ValueError: only one element tensors can be converted to Python scalars

@ptrblck Hello,I read the blog and ZhangHang’s code.
Does Pytorch suppory computing the loss in a parallel fashion now?

The error comes most likely from

running_loss += loss.item()

as loss doesn’t seem to be a scalar.
You could uncomment one of these lines to reduce the loss.

@PistonY These scripts of @Thomas_Wolf provide this functionality.

@ptrblck should i get the same performance for both single gpu and multi-gpu training?

hmmmm not sure what does it mean to reduce the loss… (?)
my loss is like this when I print it [1.255, 54.2] (I have two gpus for this case)
@Thomas_Wolf can you help please?

Ideally your performance should scale with the number of GPUs.
What kind of performance do you measure using multiple GPUs vs. single one?

You could calculate the mean or sum of the loss and call backward() on the result.

it was a classification task, the performance got worse with increasing gpus which was not making sense to me.

I did do that, in the code that i posted I used loss.sum().backward(), isnot that what you mean?

i still cannot make it work :confused:

I have similar problem which is as follows:

I have a Unet structure which I try to feed back some feature maps, and I am using multi-gpu
when I try to run my code with only one gpu core it throws this error

RuntimeError: Trying to backward through the graph a second time, but the buffers have already been freed. Specify retain_graph=True when calling backward the first time.

but when I run it with two cores it goes fin.
here how I use the backward

curr_loss = self.criterion(smax_outputs, label)
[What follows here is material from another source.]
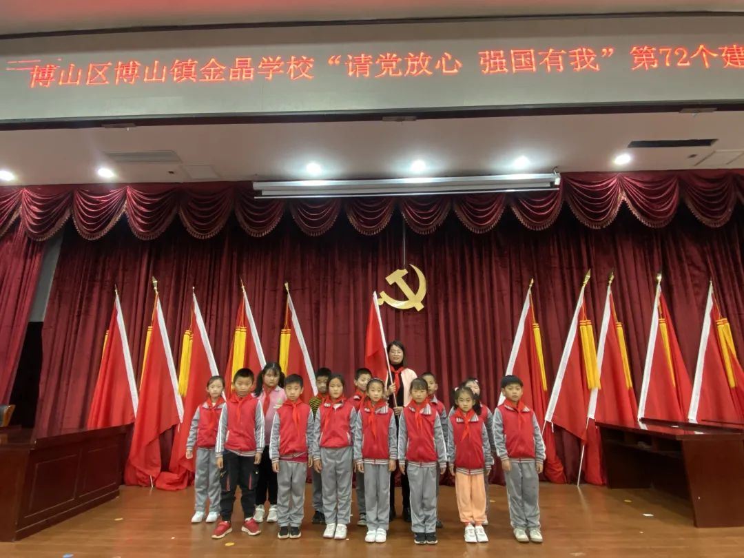 金秋十月,清风送爽,在这喜获丰收的季节中,在这阳光灿烂的日子里,又迎来了中国少年先锋队建队日,这个属于少先队员们的节日。为庆祝中国少年先锋队建队72周年,博山区博山镇金晶学校广泛开展“请党放心·强国有我”庆祝第72个建队节系列活动。

    if self.gpustat['n_gpus'] >= 2:
      Dev_Inc = max(self.cfg['TRAIN_BATCH_SIZE'] // self.gpustat['n_gpus'], 1)
      idx = torch.ones(Dev_Inc).cuda()
      curr_loss.backward(idx)
    else:
      curr_loss.backward()
    
    self.optimizer.step()
    # zero the parameter gradients
    self.optimizer.zero_grad()

it is not a problem of memory…

The root cause of this error is unfortunately not visible in this code snippet.
Could you post a minimal executable code snippet to reproduce this error with your model and random data, so that we could have a look?